The bulk of this dish is Israeli Couscous, sometimes called Pearl Couscous.  It's very different from the regular couscous that you're probably used to.  It's basically small toasted pearls of pasta, a little larger than tapioca pearls, and it cooks-up smaller than a baby pea.  Most grocery stores stock it, but if you have trouble finding it, you might try Orzo or Ancini de Pepe.

Israeli Couscous With Chicken and Escarole (or Greens)

Note: I'm going to cross a line here and say that it's okay to use powdered chicken bouillon here.  *GASP*  I know...  This is one of those rare occasions where the salty yellow-colored stuff actually does your dish justice.  However, I've made it with homemade stock and it works just as nicely, if not a little stickier from the natural gelatin.

2-3 large handfuls of greens, roughly chopped
1 1/2 cups Israeli Couscous
2 1/4 cups chicken stock
1/2 onion, finely minced
2 medium carrots, sliced thinly
1 medium boneless skinless chicken breast, cubed
olive oil
salt and pepper to taste

1) In a large saute pan that has a lid, heat a couple tablespoons of olive oil on medium heat.  Add cubed chicken and saute until the chicken begins to brown a bit.

2) Add more oil if needed along with the carrots, onions, and a small pinch of salt.  Saute until the vegetables begin to soften.

3) Add the couscous and a more oil if needed.  Stir constantly, sauteing until the couscous is lightly toasted.  It can begin to brown a little, but do not burn it.

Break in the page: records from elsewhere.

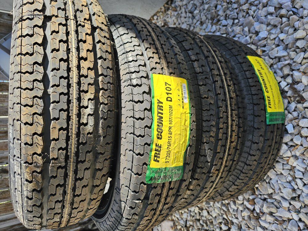 Brand new Free Country trailer tires. SR205/75R15 8PR. $120 for all four tires.
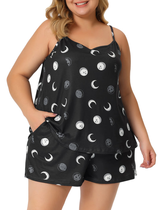 Women Plus Size Pajama Set Lingerie Sleepwear 2 Piece Cami Shorts Set V Neck Pj Sleepwear
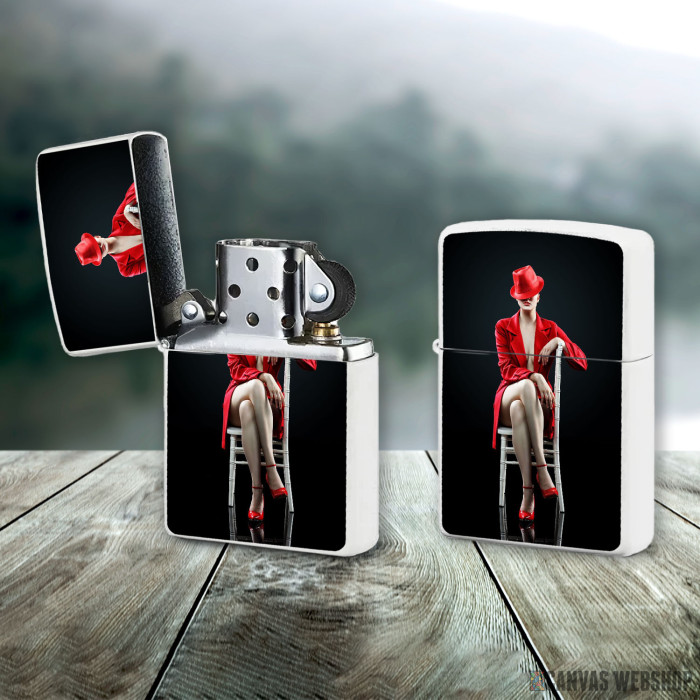Metalni vetrootporni upaljač sa slikom Woman in red kao dobar poklon ili vaš pratilac za sve prilike!
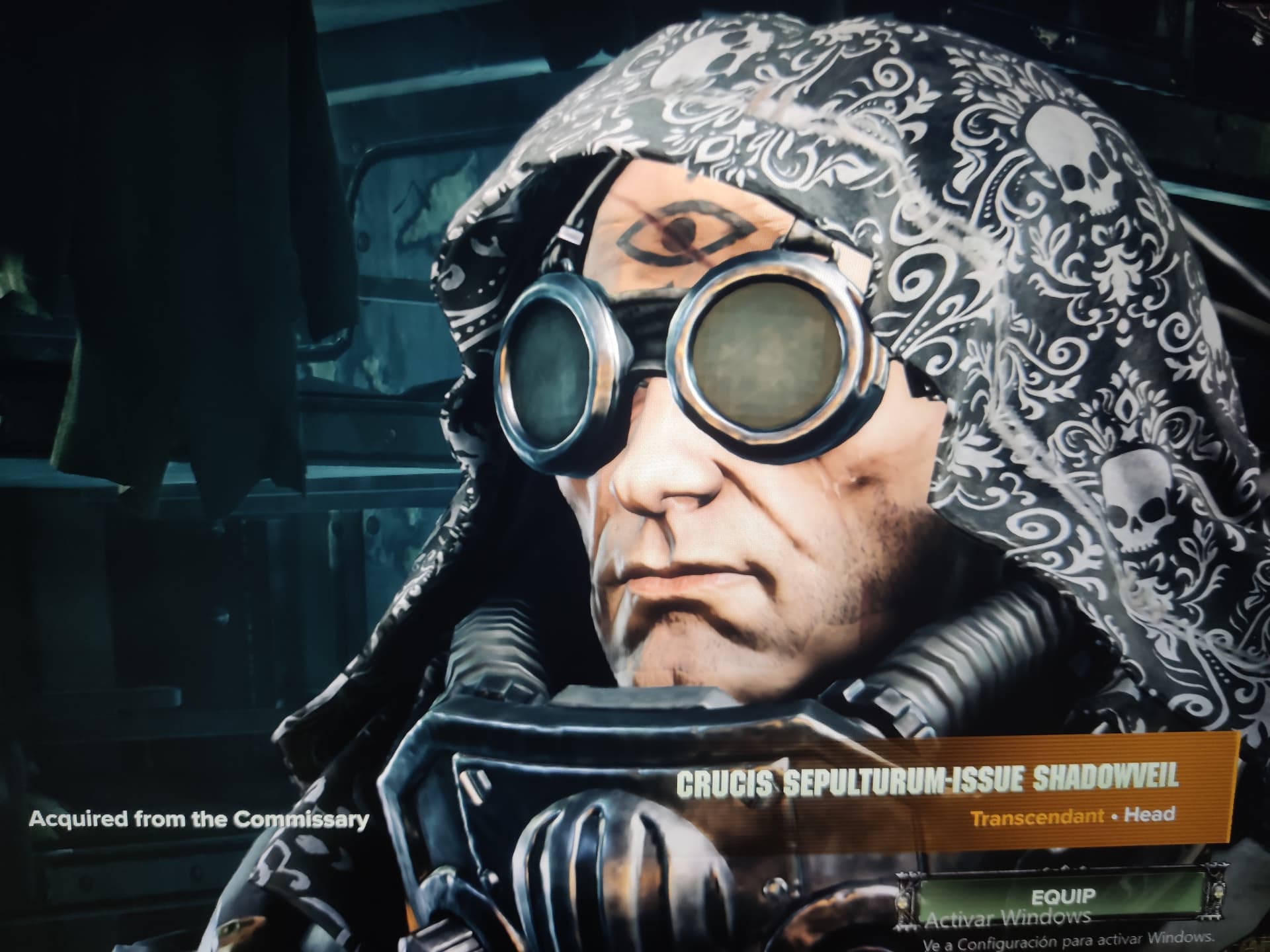 The cosmetic hood for psykers called “Crucius sepulturum-issue shadowveil” displays my character without beard, even if shows other physical aspects like tatoos.

4) Quickly add all of the chicken stock.  Bring to a boil, reduce to low, cover, and let simmer about 10-12 minutes.

5) In the last 2-3 minutes of cooking when the liquid is almost gone, add all the greens and cover the pan so they will wilt.  Once they've wilted a bit, stir them into the couscous.  If things start sticking, add a little water to loosen it up.

6) Taste and adjust the seasoning.  Serve immediately.  A good sprinkle of good Parmesan cheese on top of each dish wouldn't hurt.